Word for word, the data below must be repeated in full; no picture is to be included.

:: Available records

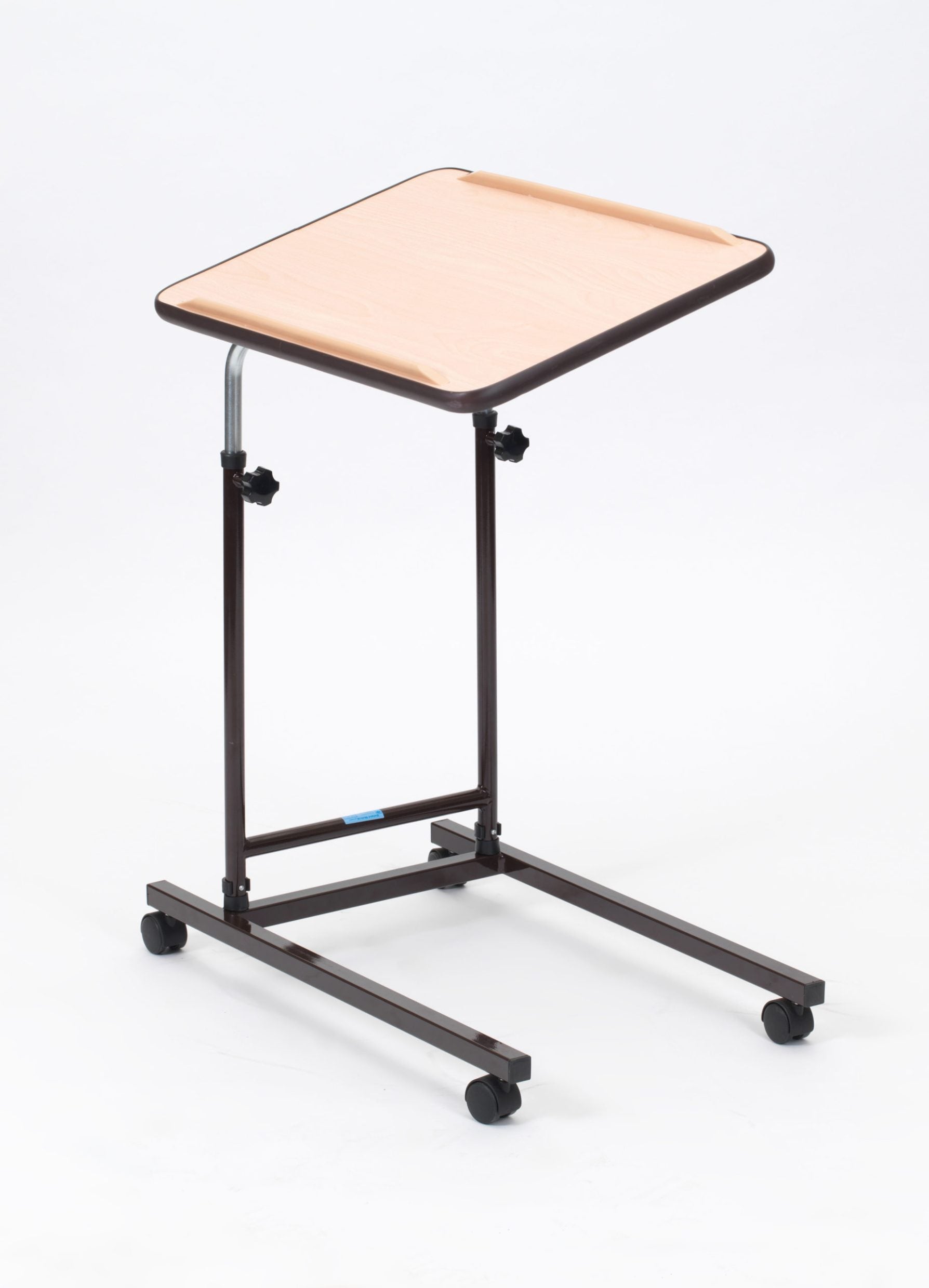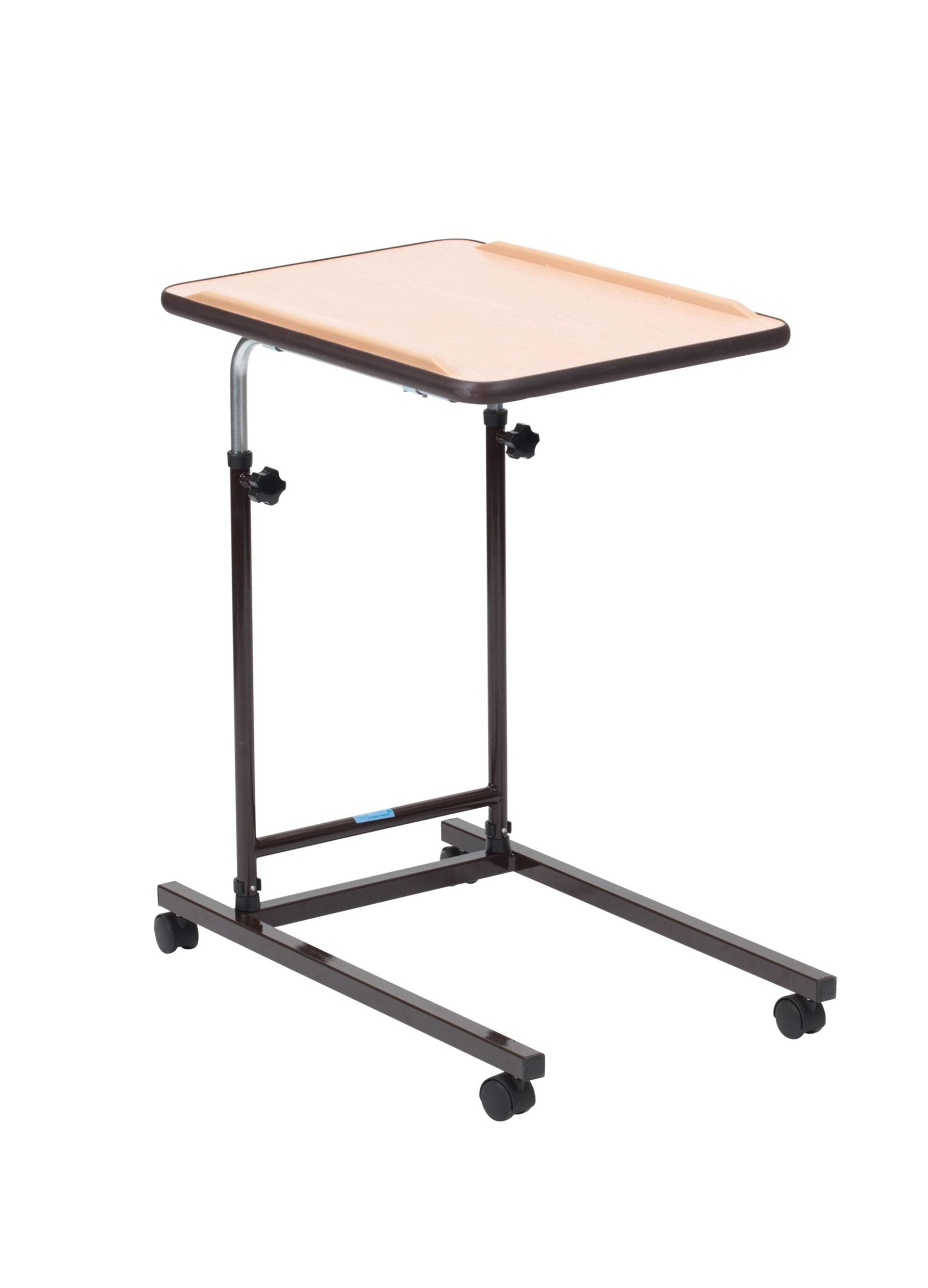 The Mobile Open Toe Table can be used over furniture to enable users to eat, read or undertake hobbies whilst sitting in a chair or bed. Stability and strength are ensured by a combination of its robust steel construction and Duradip peel-resistant plastic. The table is adjustable in height and tilt, via strong plastic hand wheels, best suiting the users requirements. This model features four castors for easy manoeuvrability.
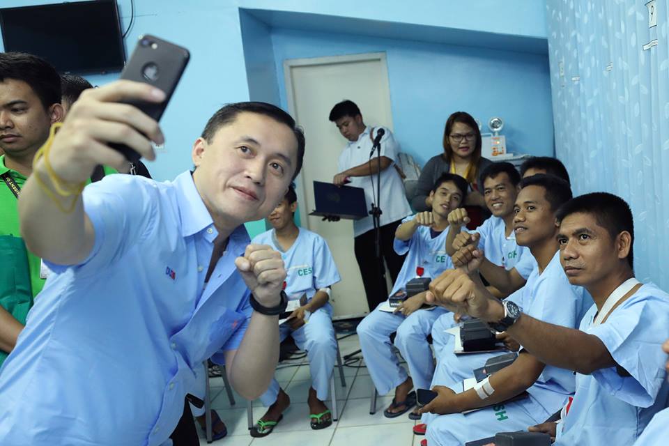 Secretary Christopher Lawrence 'Bong' Go of the Office of the Special Assistant to the President takes a selfie with the wounded soldiers at the Camp Evangelista Station Hospital in Cagayan de Oro City on September 21, 2018.
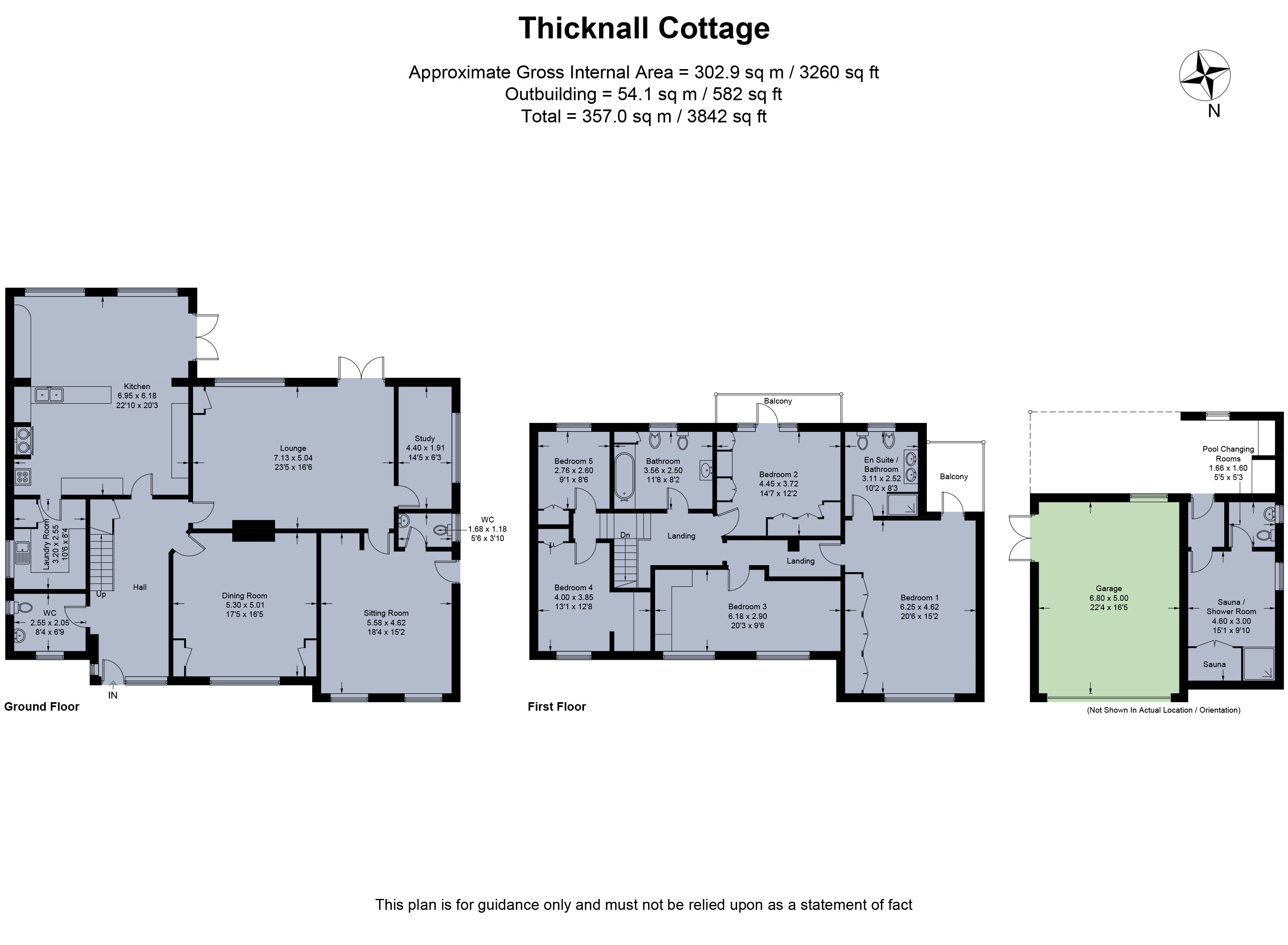 • Changing room complex with separate cloakroom, Nordic sauna and fully tiled shower recess with electric Mira shower.
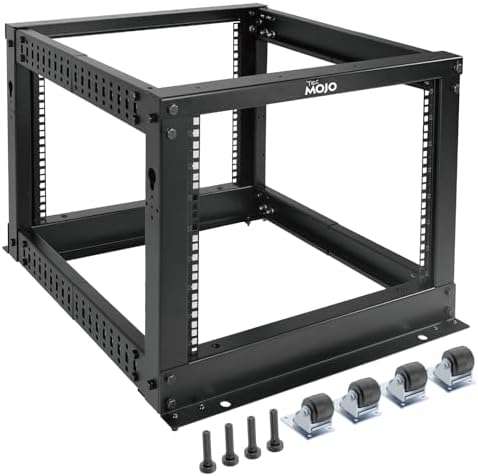 Tecmojo 8U Open Frame Server Rack,4-Post Adjustable Depth Rolling Network Rack for Computer/Data/AV/IT/Servers,Mobile Type
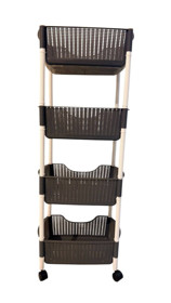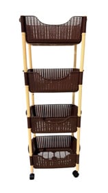 Digər mətbəx ləvazimatları meyvə və tərəvəz saxlama qabı, 4 mərtəbəli, təkərli, həsir model, rəngi qəhvəyi, ölçüləri: en-27, uzun-44, hündürlük-114 sm - TW-RZ564
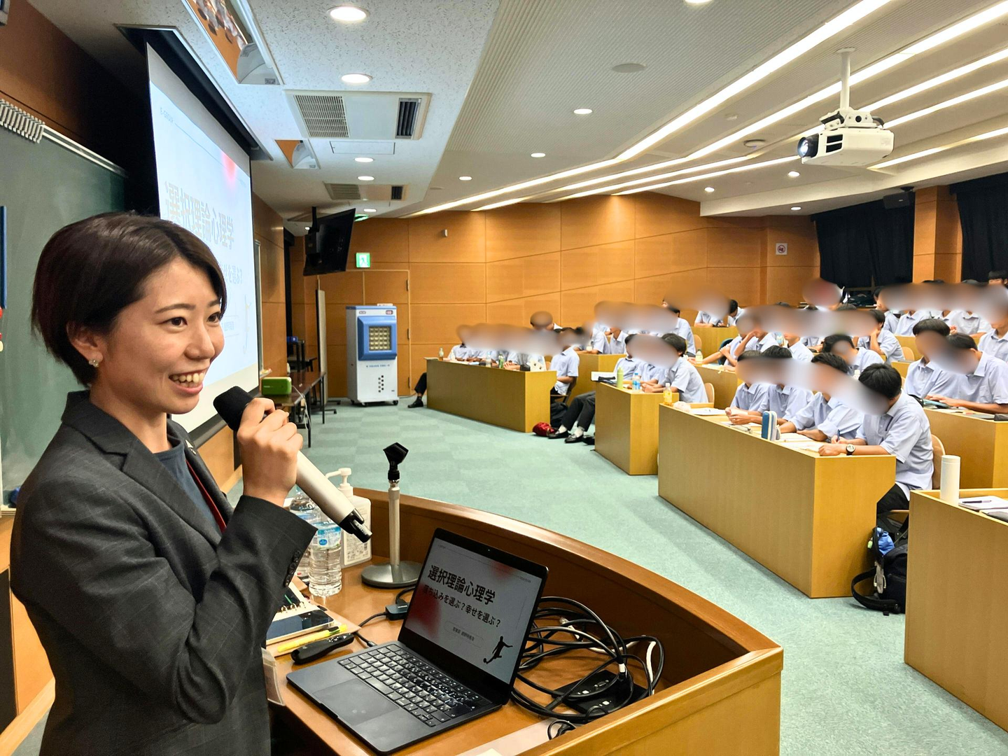 思考や感情は自分で選べることを心理学の視点で紹介。「自分にしか伝えられないことがまだまだある」と語り、可能性の原石である学生たちに貢献したいという思いを伝えました。
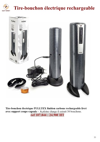 Tire-bouchon électrique rechargeable Tire-bouchon électrique PULLTEX finition carbone rechargeable livré avec support coupe-capsule - A pleine charge il extrait 30 bouchons. ref 107.844 : 24.90€ HT 33
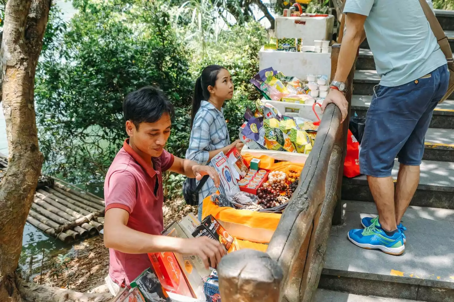 When you are marveling at the magnificent scenery on the observation deck, there may be Vietnamese vendors coming here by boat from the other side, speaking fluent Mandarin and selling cigarettes, coffee and other Vietnamese products to tourists.
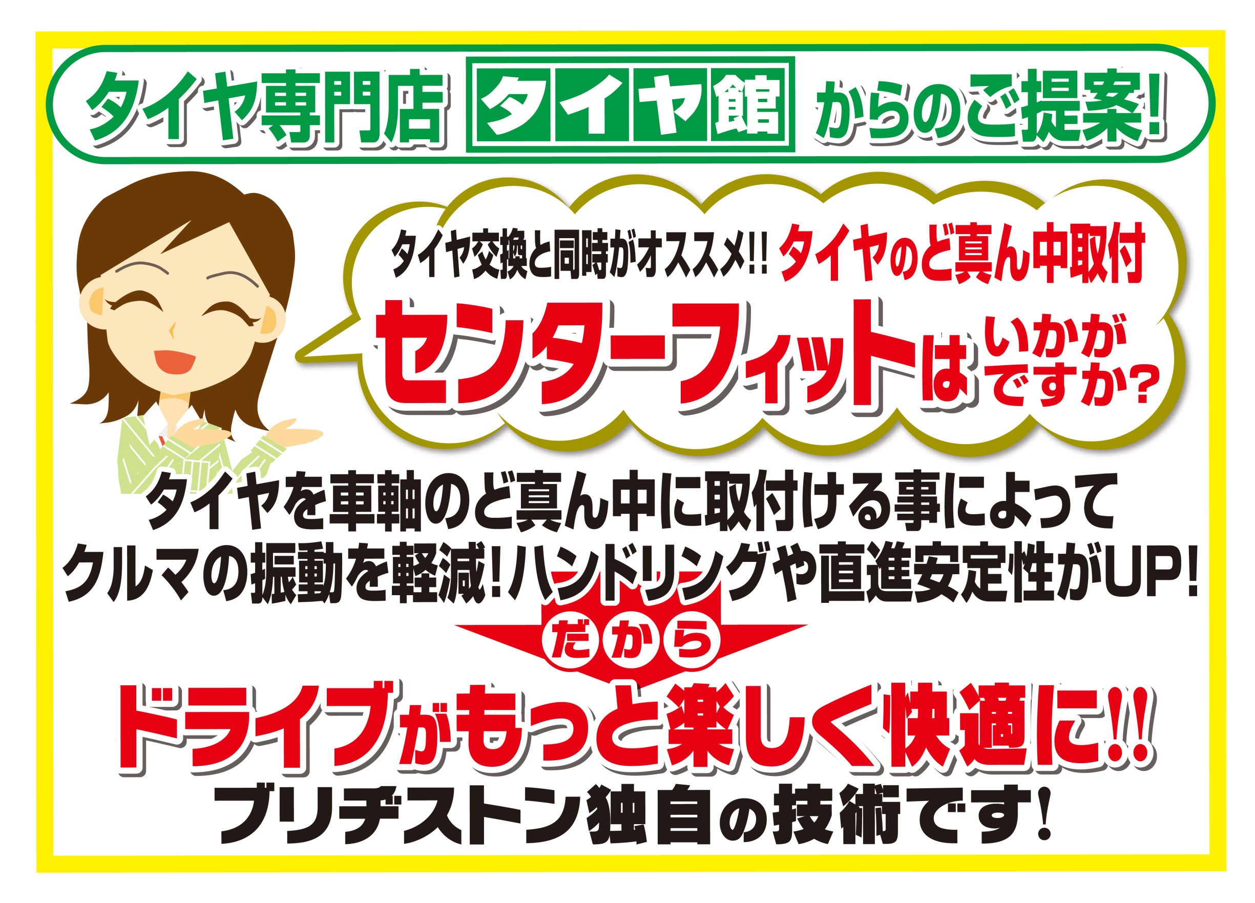 ドライブを快適に! ポスト 2019年1月14日 こんにちは!社員Yです! 今回はドライブをより快適にしてくれる作業をご紹介します! それがこちらのセンターフィットサービスです! このセンターフィットサービスはブリヂストンの独自の技術となっており、特殊な機械でタイヤに振動を与え タイヤを車軸のど真ん中に取り付ける作業になります!! 是非タイヤ館真岡店でタイヤど真ん中取り付けセンターフィットをして 今よりも快適なドライブを楽しみませんか? 皆様のご来店お待ちしております!! 担当:社員Y
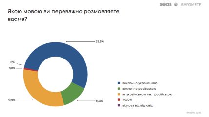Подавляющее большинство опрошенных — 53,9% — заявили, что дома говорят исключительно на украинском языке. Еще 31,9% сочетают украинский и русский, а 13,4% пользуются только русским. Еще 0,8% выбрали другие варианты, а 0% отказались отвечать.
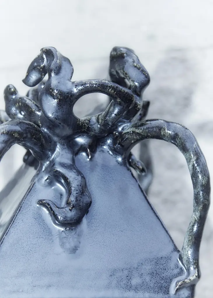 Here My Soul Sculpture in Glazed Ceramic by Lucile GracileDimensions: D 25 x W 25 x H 40 cm. Materials: Glazed ceramic.Born in 1988, lives and works in Paris.Ceramic artist using traditional plate modeling techniques, her work is based on the combination of primitive and universal forms to create designs that carry dreamlike symbolism.For her, our society tends to confine dreams and creative expression tochildhood, values becoming derisory in adulthood, to the detriment ofefficiency and productivity.Through her sculptural objects, she seeks to let her inner child and herUtopias express themselves.Everyone can see personal meanings, thus reconnecting with theirpast imagination.Her imagination is nourished by ancient mythologies and the immemorialThe fascination of human beings with the afterlife.Her work is derived from the symbolism of stars, esoteric rituals andspiritual places.

::::

Problem solution ::
 The Mobile Open Toe Table can be used over furniture to enable users to eat, read or undertake hobbies whilst sitting in a chair or bed. Stability and strength are ensured by a combination of its robust steel construction and Duradip peel-resistant plastic. The table is adjustable in height and tilt, via strong plastic hand wheels, best suiting the users requirements. This model features four castors for easy manoeuvrability.
 Secretary Christopher Lawrence 'Bong' Go of the Office of the Special Assistant to the President takes a selfie with the wounded soldiers at the Camp Evangelista Station Hospital in Cagayan de Oro City on September 21, 2018.
 • Changing room complex with separate cloakroom, Nordic sauna and fully tiled shower recess with electric Mira shower.
 Tecmojo 8U Open Frame Server Rack,4-Post Adjustable Depth Rolling Network Rack for Computer/Data/AV/IT/Servers,Mobile Type
 Digər mətbəx ləvazimatları meyvə və tərəvəz saxlama qabı, 4 mərtəbəli, təkərli, həsir model, rəngi qəhvəyi, ölçüləri: en-27, uzun-44, hündürlük-114 sm - TW-RZ564
 思考や感情は自分で選べることを心理学の視点で紹介。「自分にしか伝えられないことがまだまだある」と語り、可能性の原石である学生たちに貢献したいという思いを伝えました。
 Tire-bouchon électrique rechargeable Tire-bouchon électrique PULLTEX finition carbone rechargeable livré avec support coupe-capsule - A pleine charge il extrait 30 bouchons. ref 107.844 : 24.90€ HT 33
 When you are marveling at the magnificent scenery on the observation deck, there may be Vietnamese vendors coming here by boat from the other side, speaking fluent Mandarin and selling cigarettes, coffee and other Vietnamese products to tourists.
 ドライブを快適に! ポスト 2019年1月14日 こんにちは!社員Yです! 今回はドライブをより快適にしてくれる作業をご紹介します! それがこちらのセンターフィットサービスです! このセンターフィットサービスはブリヂストンの独自の技術となっており、特殊な機械でタイヤに振動を与え タイヤを車軸のど真ん中に取り付ける作業になります!! 是非タイヤ館真岡店でタイヤど真ん中取り付けセンターフィットをして 今よりも快適なドライブを楽しみませんか? 皆様のご来店お待ちしております!! 担当:社員Y
Подавляющее большинство опрошенных — 53,9% — заявили, что дома говорят исключительно на украинском языке. Еще 31,9% сочетают украинский и русский, а 13,4% пользуются только русским. Еще 0,8% выбрали другие варианты, а 0% отказались отвечать.
 Here My Soul Sculpture in Glazed Ceramic by Lucile GracileDimensions: D 25 x W 25 x H 40 cm. Materials: Glazed ceramic.Born in 1988, lives and works in Paris.Ceramic artist using traditional plate modeling techniques, her work is based on the combination of primitive and universal forms to create designs that carry dreamlike symbolism.For her, our society tends to confine dreams and creative expression tochildhood, values becoming derisory in adulthood, to the detriment ofefficiency and productivity.Through her sculptural objects, she seeks to let her inner child and herUtopias express themselves.Everyone can see personal meanings, thus reconnecting with theirpast imagination.Her imagination is nourished by ancient mythologies and the immemorialThe fascination of human beings with the afterlife.Her work is derived from the symbolism of stars, esoteric rituals andspiritual places.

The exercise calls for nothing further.